Porque no seu ponto de vista não parecia haver nenhuma diferença.

E sinceramente, ele se perguntava se queria saber se elas existiam e quais eram.

De qualquer forma, a opção sexo já estava riscada da sua lista de opções. Com Mashiro sem se lembrar de quem ele era, as chances de que os dois pudessem se envolver fisicamente nos próximos três dias eram nulas. E ele certamente não se considerava desesperado ao ponto de pagar por uma visita ao Distrito da Luz Vermelha.

"E?" demandou, já perdendo a paciência. Pensar em Mashiro fez com que sua cabeça latejasse. Para não mencionar os demais efeitos dos quais ele já vinha sofrendo desde a noite passada. Apagou o cigarro na palma da mão sem muita cerimônia e se preocupou em acender outro, "Qual a outra providência?"

"Dar vazão à violência."

Ótimo.

Exatamente o que ele planejava fazer.

"Onde fica essa casa de lutas?"

"Rin-sama, eu devo adverti-lo de—

Kensei respirou pesadamente.

Não se lembrava de Ukitake ser tão insuportável dessa forma. Ou tão intrometido.

"Eu não preciso de ouvir mais nada. O endereço. Anda logo."

Se a inteligência artificial ficou chateada por suas palavras ríspidas, nada foi demonstrado em sua face.

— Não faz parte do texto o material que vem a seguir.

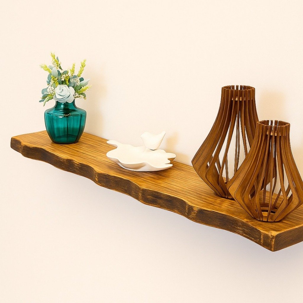 Prateleira rústica borda irregular madeira maciça 14 cm profundidade

Mas o sorriso esboçado na face holográfica certamente era parecido com o do antigo Capitão.

"Distrito 80, localizado na Zona Norte de Edo."

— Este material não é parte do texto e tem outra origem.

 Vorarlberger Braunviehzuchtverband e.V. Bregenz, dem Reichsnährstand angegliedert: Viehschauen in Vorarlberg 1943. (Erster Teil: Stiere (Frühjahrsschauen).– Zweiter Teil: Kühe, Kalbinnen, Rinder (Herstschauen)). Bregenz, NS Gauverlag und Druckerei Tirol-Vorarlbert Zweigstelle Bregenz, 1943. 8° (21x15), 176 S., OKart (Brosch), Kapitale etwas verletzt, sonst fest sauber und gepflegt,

Na falta de qualquer lugar para anotar o endereço completo, Kensei fez questão de repetir palavra por palavra em voz alta e depois mais uma vez silenciosamente, até que o decorasse enquanto caminhava em direção à saída do Ryokan.

Ukitake o acompanhou em silêncio, braços cruzados na altura do peito e mãos escondidas sob as mangas do tradicional quimono que trajava.

"No que mais posso servi-lo, Rin-sama?"

Ele demorou para responder, observando os carros e autotáxis percorrerem a via aérea do céu nublado de Edo. Antes que um dos autotáxis alcançasse o solo e se aproximasse, Kensei encarou Ukitake por cima do ombro e comentou, "Aliás, o nome é Kensei. Muguruma Kensei."